Phenotype variability and different genotype of four patients with thyroid hormone resistance syndrome due to variants in the THRB gene

Background: Resistance to thyroid hormone (RTH) is a rare dominantly inherited disorder mainly due to variants in the THRB gene leading to decreased end-organ responsiveness to thyroid hormones. Case report: Clinical and molecular characteristics of four patients with RTH are described. Four patients with various phenotypes were studied; two prepubertal boys and two adults (one male and one female). Sequencing analysis of the THRB was performed. All individuals had persistently elevated free thyroxine and/or free triiodothyronine associated with non-suppressed thyroid-stimulating hormone (TSH), and all had non-autoimmune goiters of various sizes. In both adults, antithyroid drugs were previously administered without successful suppression of the thyroid hormones. The 27-year-old female had resting tachycardia as the only symptom. The 35-year-old male had a degree of cognitive im-pairment and was initially diagnosed with atrial fibrillation. The eight-year-old boy was diagnosed with attention deficit disorder and had resting tachycardia. The oldest boy (age nine years) underwent thyroid function tests as a part of the investigation for obesity and learning difficulties. Direct sequencing analysis of the THRB gene showed three previously reported variants: p.His435Leu (c.1304A>T) in the 35-year-old male, p.Pro453Thr (c.1357C>A) in the oldest boy, and p.Arg438Cys (c.1312C>T) variant in the other two patients.
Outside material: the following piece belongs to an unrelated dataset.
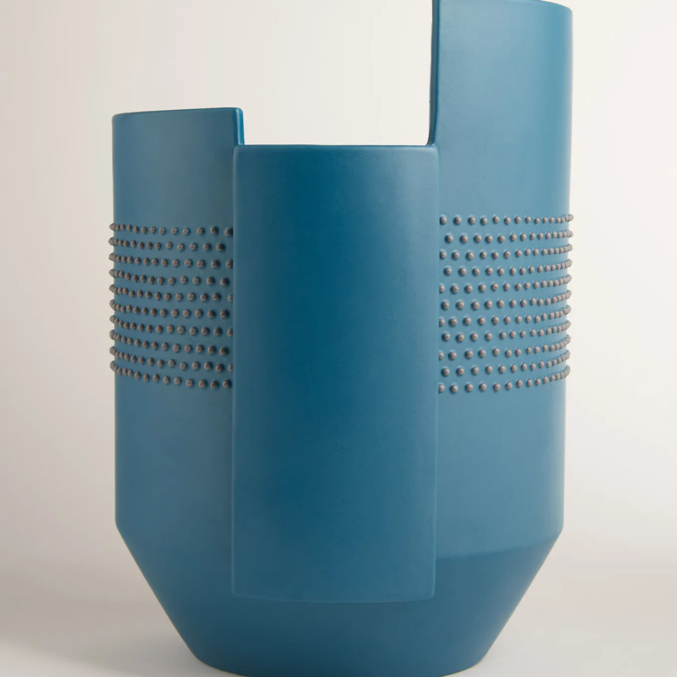 A prima vista, il vaso Hugo appare semplice e lineare e assume un carattere deciso e incisivo grazie alla particolarità decorativa del Riccio. Il nome Hugo ben interpreta la sua estetica. Il decoro Riccio è uno standard, un classico nella storia della ceramica Bagni/Nuoveforme fin dai primi anni Settanta, quando fu ideato da Alvino Bagni che, dopo averlo messo a punto, progettò e realizzò anche attrezzature speciali per eseguire al meglio questo decoro.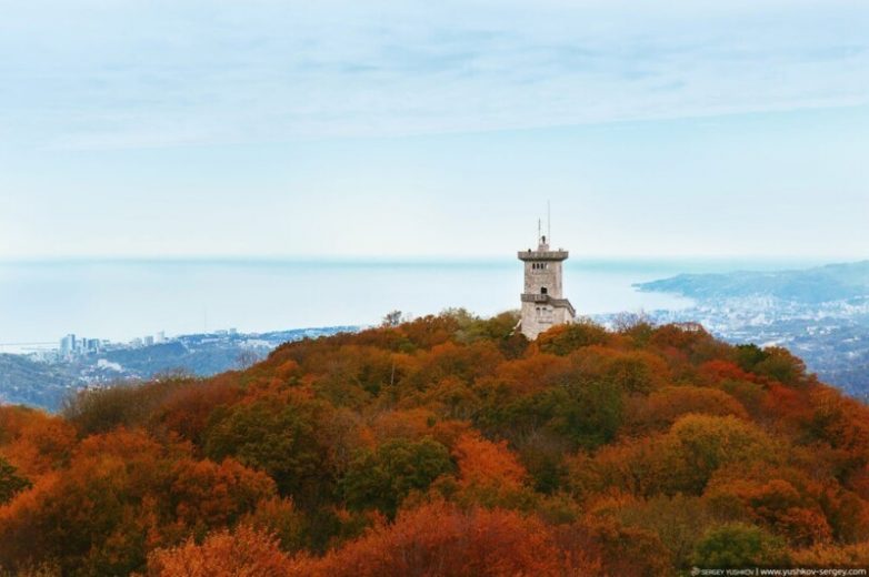 Гора Большой Ахун, на которой располагается смотровая башня собирает много туристов, но сюда стоит поехать и подняться именно на самый верх. Если вы хотите посмотреть на Сочи с высоты, то доступнее места не найти. С высоты открывается вид 360 градусов на море и Сочи с одной стороны, и на горы с другой. Это очень доступная смотровая площадка. От центра Сочи ехать каких-то 40 минут уже с учетом небольших пробок.

Conclusions: Various phenotypes characterize common variants in the THRB gene, asymptomatic, thyroid hormone deprivation symptoms, or thyroid hormone excess symptoms. RTH should be suspected in both adults and children with elevated thyroid hormones and not suppressed TSH. A prompt molecular diagnosis and genetic counseling could prevent unnecessary tests and inappropriate treatments.